他打翻香爐,如一頭暴躁的雄獅,扇了公主好幾巴掌。


 


公主吐出一口鮮血。


 


暈倒在地。


 


皇上愣住了,先是看向自己的手掌,而後看向窗外,春雷滾滾,庭院中的牡丹花提前開了幾朵,混在雨中,

豔紅如血。


 


片刻後,皇上派出一半的侍衛去召集太醫,他有些後悔又有些惱怒,閉上眼睛不願面對:「來人,扶公主上床。」


 


我和鶯兒扮作侍女,低著頭進去。


 


背後,柳應溪迫人的視線緊緊跟隨著我。


 


今早,他怕我破壞計劃,提前將我鎖了起來。


 


柳應溪前腳剛走,後腳鶯兒就將我放出。


 


他並不知道,那三十個賬房先生中也有鶯兒的爹。


 


鶯兒是在六年前買入柳府的。


 


江南水涝,一家五口人隻剩她和爹相依為命。


 


父女倆一路乞討進京,最後餓倒在我家門口,是我爹好心收留了他們。


 


她爹在路上與流民搶食時,腿被打斷。鶯兒為了給父親湊治療腿疾的錢,背著所有人將自己賣入柳府。


 


她才十歲,

卻笑著說:「隻要湊夠贖身錢,還有機會回來的。」


 


她爹得知後,眼淚哭得幹幹的。
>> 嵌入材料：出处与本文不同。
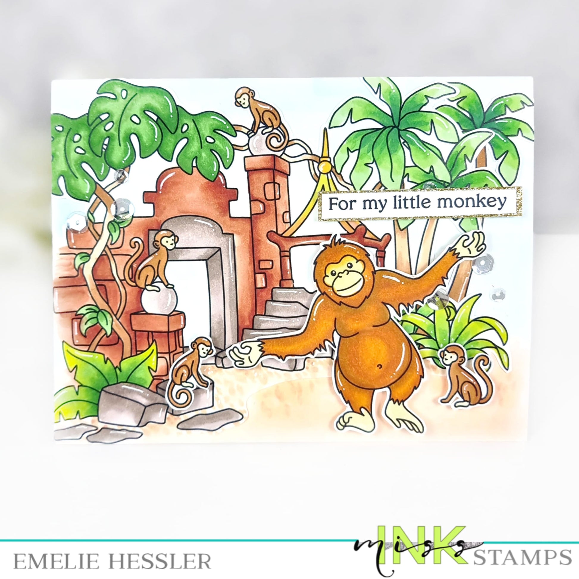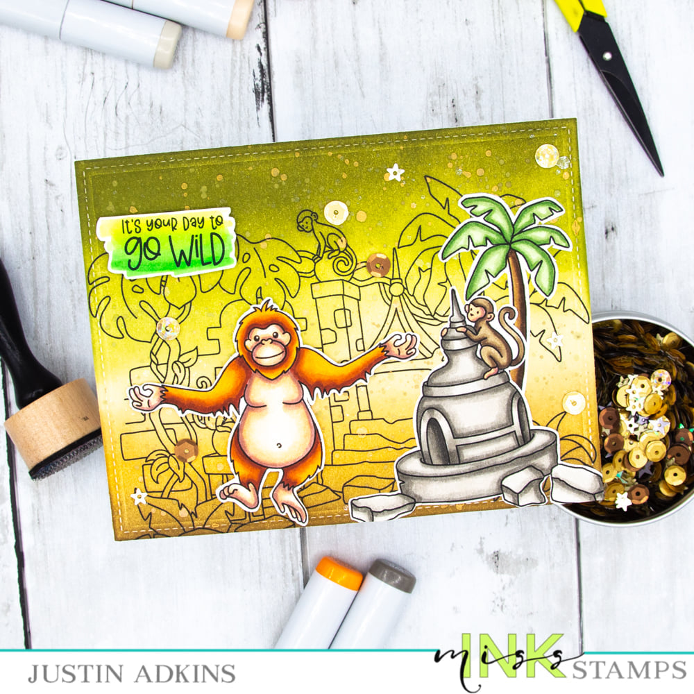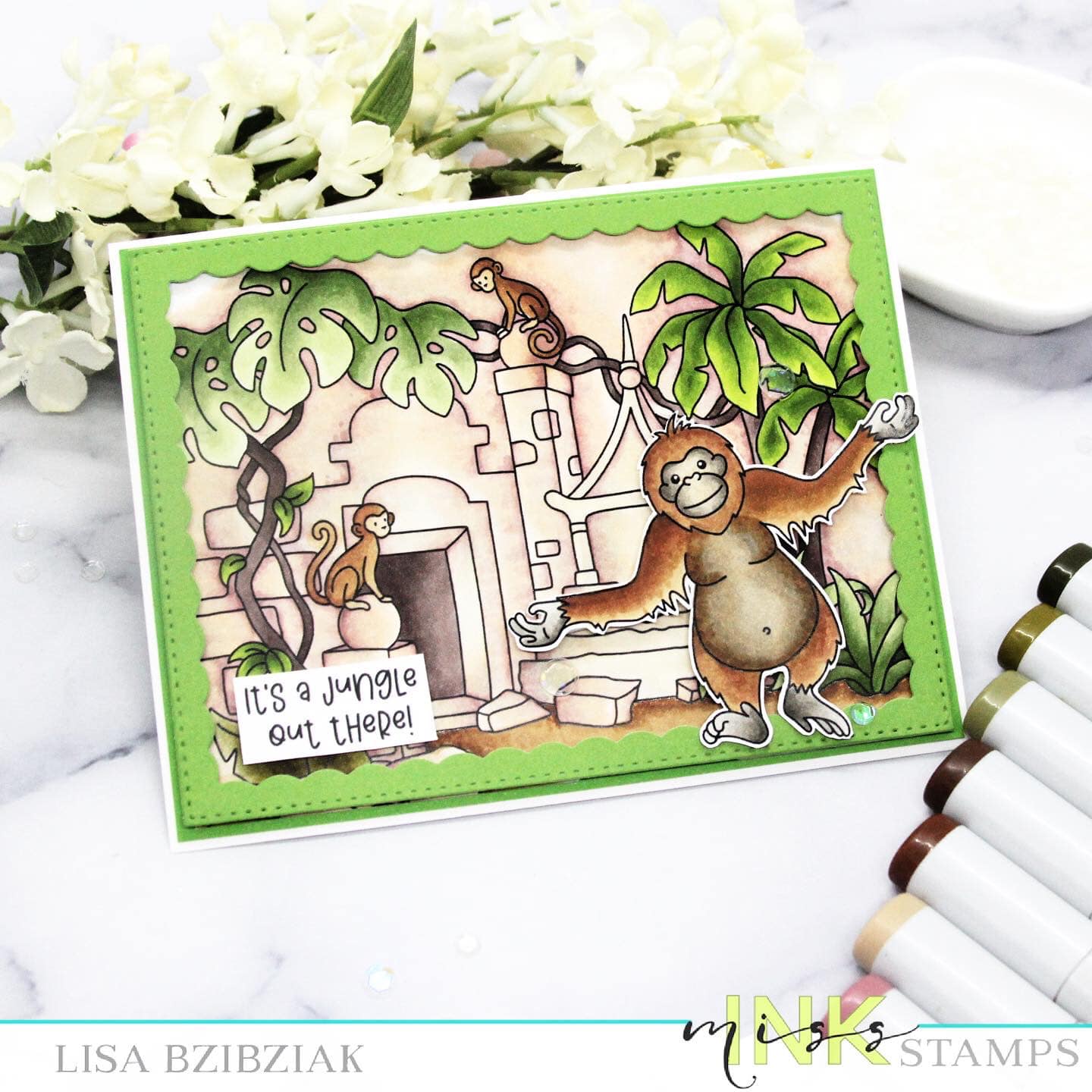 Jungle Ruins is a 6x8" set featuring large and small jungle ruins backgrounds, orangutan, monkeys, palm tree and sentiments.
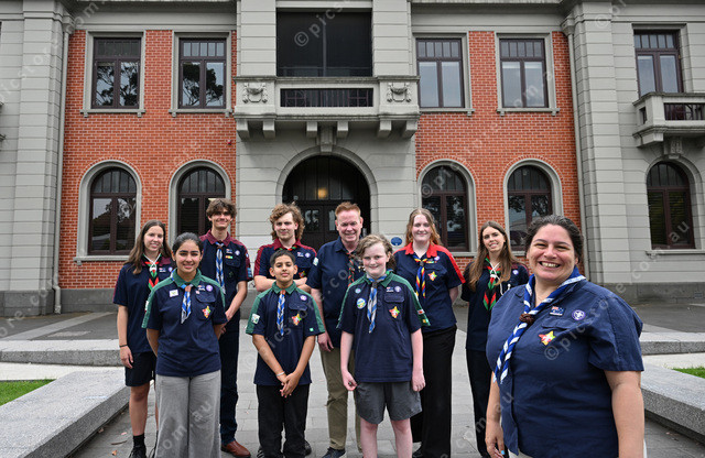 Pic of the new Chief Commissioner Scouts Victoria, Daniella Taglieri OAM, with some scouts outside the Williamstown Town Hall. (Damjan Janevski). 528891_06
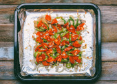 Zdjęcie "Kasza gryczana z dekoracji niebieskie ryby whiting pieczone z warzywami, pomidorów, papryki i cebuli na podłoże drewniane, widok z góry zbliżenie" może być wykorzystywane do celów osobistych i komercyjnych zgodnie z warunkami zakupionej licencji Royalty-free. Obraz jest dostępny do pobrania w jakości wysokiej rozdzielczości do 5760x3840.

窮人來不及悲傷,第二日他就跟著我爹開始學算賬,他為人勤懇,又頗有些天賦,別人不願出遠門的活計,他都接。


 


為了攢錢給女兒贖身,她爹接了去西北算賬的活計,比在京城能多賺三兩銀子。


 


ţüₑ窮人的苦一難接著一難。


 


今年好不容易攢夠了贖身錢,卻碰上了公主……


 


柳應溪說棋子尚有苦衷,勸我理解,可他不知在權貴與皇權對立的棋局中,有些人連棋子都夠不上。


 


我和鶯兒攙扶著公主往床邊走,燈籠被風吹得搖搖晃晃,電閃雷鳴,我摸上匕首,蓄勢待發。


 


「蘇雲青,你帶了刀是吧?」


 


公主的聲音很輕、很輕,

我以為自己聽錯了。


 


我低下頭,她顫著眼睫,衝我莞爾一笑:「給我刀。」


 


此時,離我十步遠的皇帝,藏匿在暗中的侍衛,跪在廊下的柳應溪,無一不在告訴我,走錯一步就是萬劫不復的結局。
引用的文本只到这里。